#### Record set
┌──
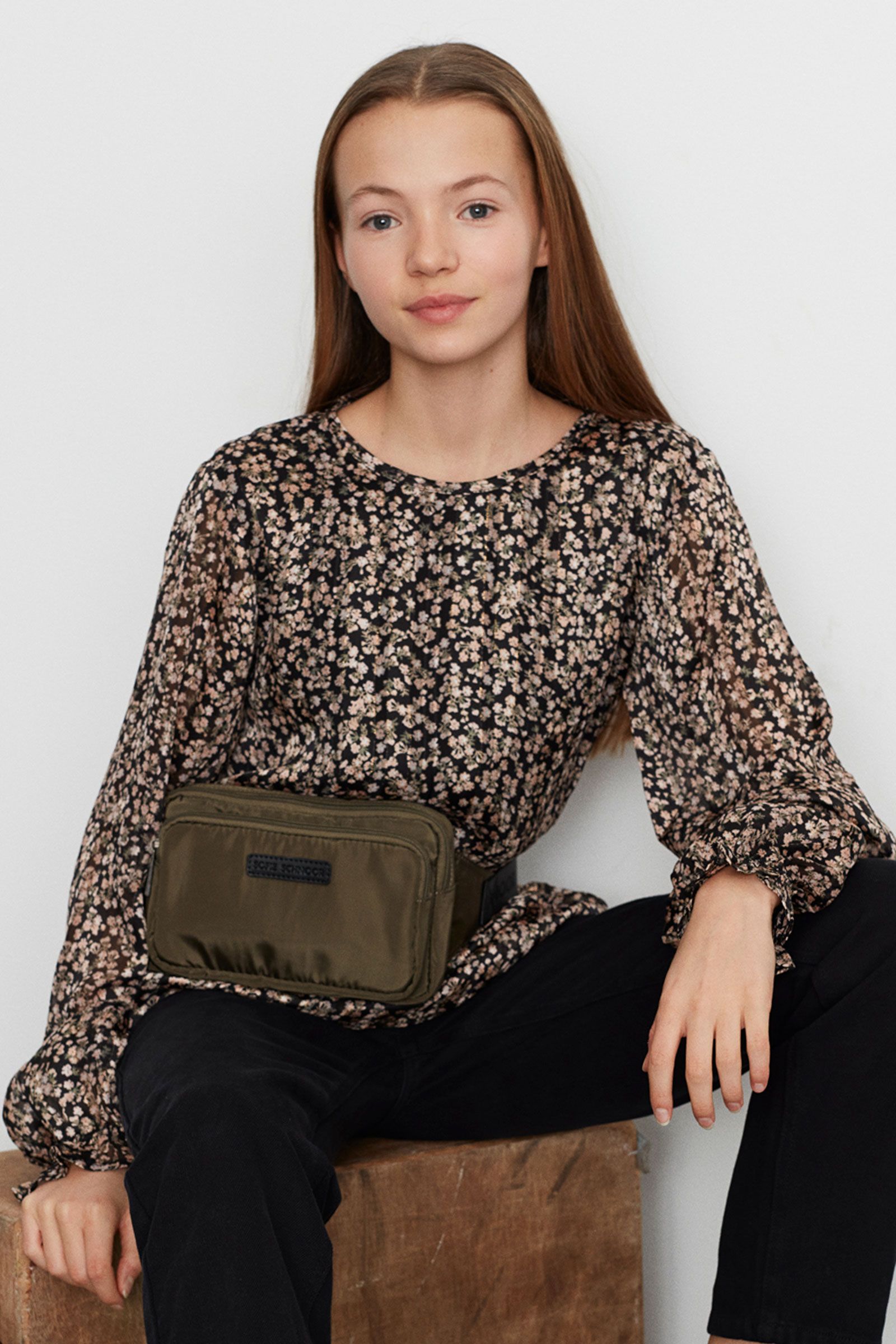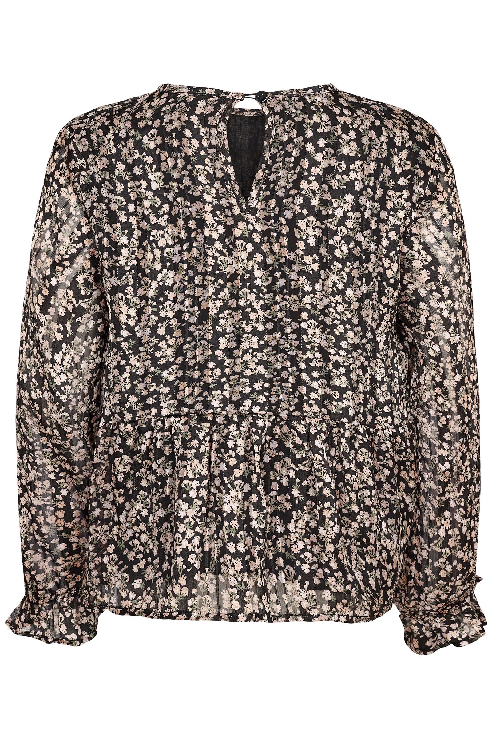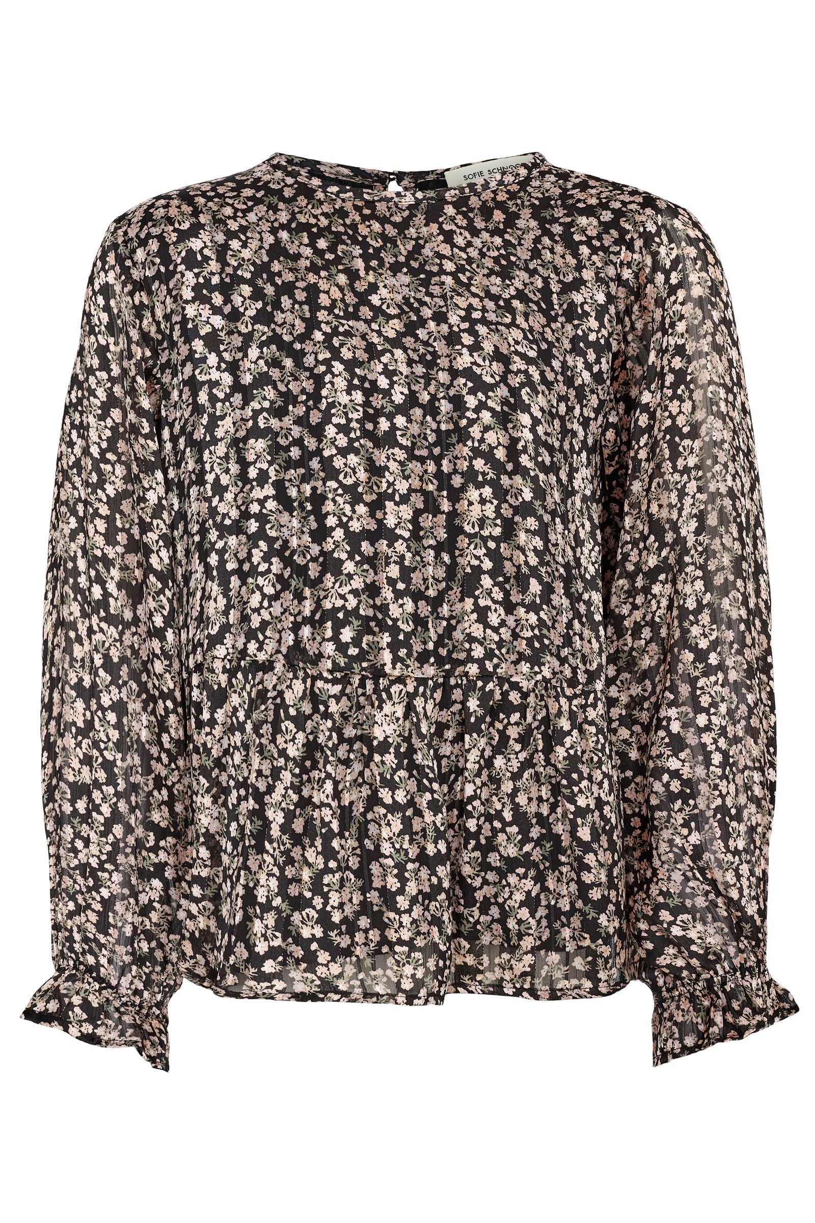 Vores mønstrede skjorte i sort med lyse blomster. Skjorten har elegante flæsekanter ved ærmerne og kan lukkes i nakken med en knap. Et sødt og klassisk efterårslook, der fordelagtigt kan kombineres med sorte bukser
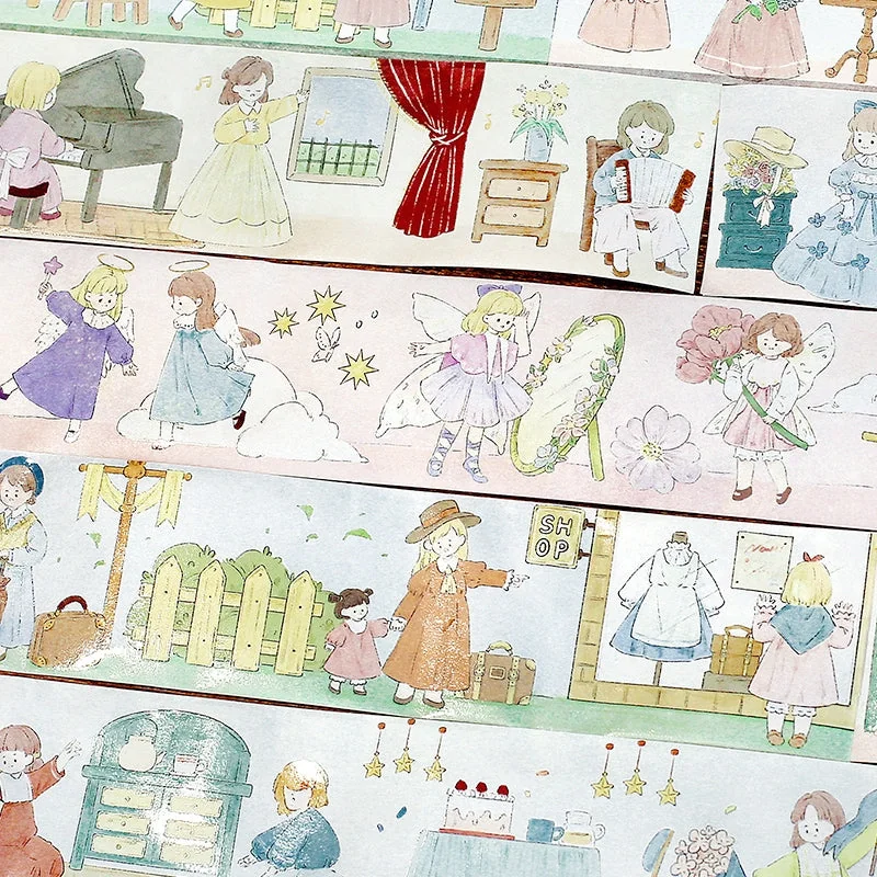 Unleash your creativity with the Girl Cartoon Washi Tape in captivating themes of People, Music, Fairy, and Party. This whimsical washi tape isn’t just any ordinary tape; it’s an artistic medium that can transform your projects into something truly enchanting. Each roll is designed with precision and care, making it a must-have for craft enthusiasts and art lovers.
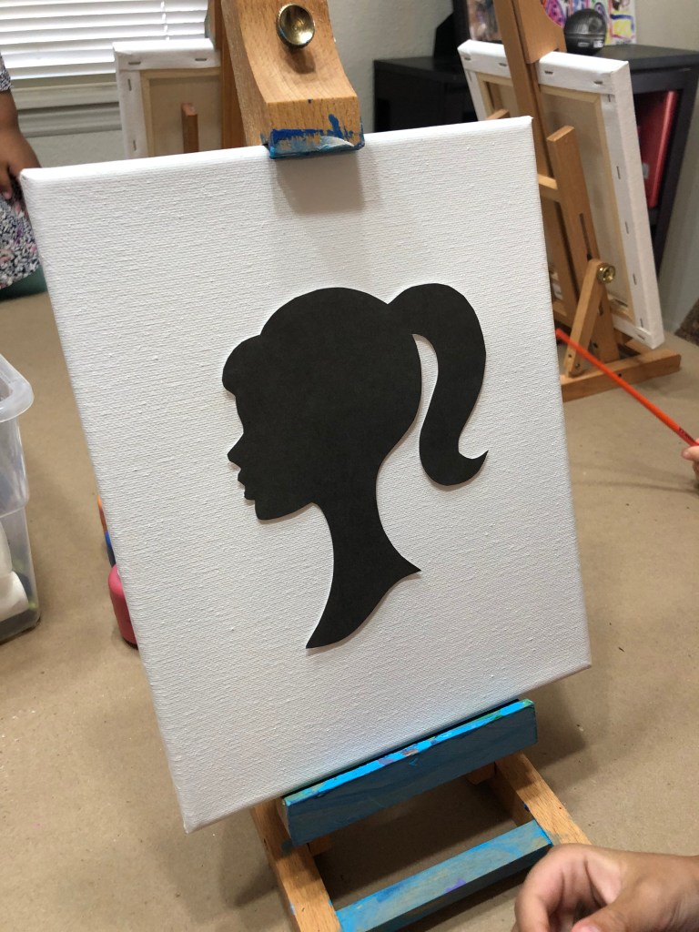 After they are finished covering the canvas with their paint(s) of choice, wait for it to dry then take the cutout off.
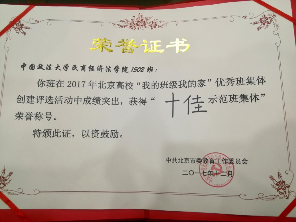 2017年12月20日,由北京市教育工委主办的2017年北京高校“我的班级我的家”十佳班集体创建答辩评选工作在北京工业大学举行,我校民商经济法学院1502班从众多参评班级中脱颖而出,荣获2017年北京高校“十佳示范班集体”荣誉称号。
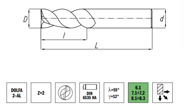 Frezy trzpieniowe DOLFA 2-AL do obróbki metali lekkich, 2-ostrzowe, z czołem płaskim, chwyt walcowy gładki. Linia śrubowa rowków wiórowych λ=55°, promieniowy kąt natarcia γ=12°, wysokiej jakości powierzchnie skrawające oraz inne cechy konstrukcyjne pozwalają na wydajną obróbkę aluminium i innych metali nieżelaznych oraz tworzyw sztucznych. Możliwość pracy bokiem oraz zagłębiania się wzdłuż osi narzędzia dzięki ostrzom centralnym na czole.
└──
#### What you need to do
All lines of the material above should be returned unchanged, but no pictures should be included.

#### Result below
 Vores mønstrede skjorte i sort med lyse blomster. Skjorten har elegante flæsekanter ved ærmerne og kan lukkes i nakken med en knap. Et sødt og klassisk efterårslook, der fordelagtigt kan kombineres med sorte bukser
 Unleash your creativity with the Girl Cartoon Washi Tape in captivating themes of People, Music, Fairy, and Party. This whimsical washi tape isn’t just any ordinary tape; it’s an artistic medium that can transform your projects into something truly enchanting. Each roll is designed with precision and care, making it a must-have for craft enthusiasts and art lovers.
 After they are finished covering the canvas with their paint(s) of choice, wait for it to dry then take the cutout off.
 2017年12月20日,由北京市教育工委主办的2017年北京高校“我的班级我的家”十佳班集体创建答辩评选工作在北京工业大学举行,我校民商经济法学院1502班从众多参评班级中脱颖而出,荣获2017年北京高校“十佳示范班集体”荣誉称号。
 Frezy trzpieniowe DOLFA 2-AL do obróbki metali lekkich, 2-ostrzowe, z czołem płaskim, chwyt walcowy gładki. Linia śrubowa rowków wiórowych λ=55°, promieniowy kąt natarcia γ=12°, wysokiej jakości powierzchnie skrawające oraz inne cechy konstrukcyjne pozwalają na wydajną obróbkę aluminium i innych metali nieżelaznych oraz tworzyw sztucznych. Możliwość pracy bokiem oraz zagłębiania się wzdłuż osi narzędzia dzięki ostrzom centralnym na czole.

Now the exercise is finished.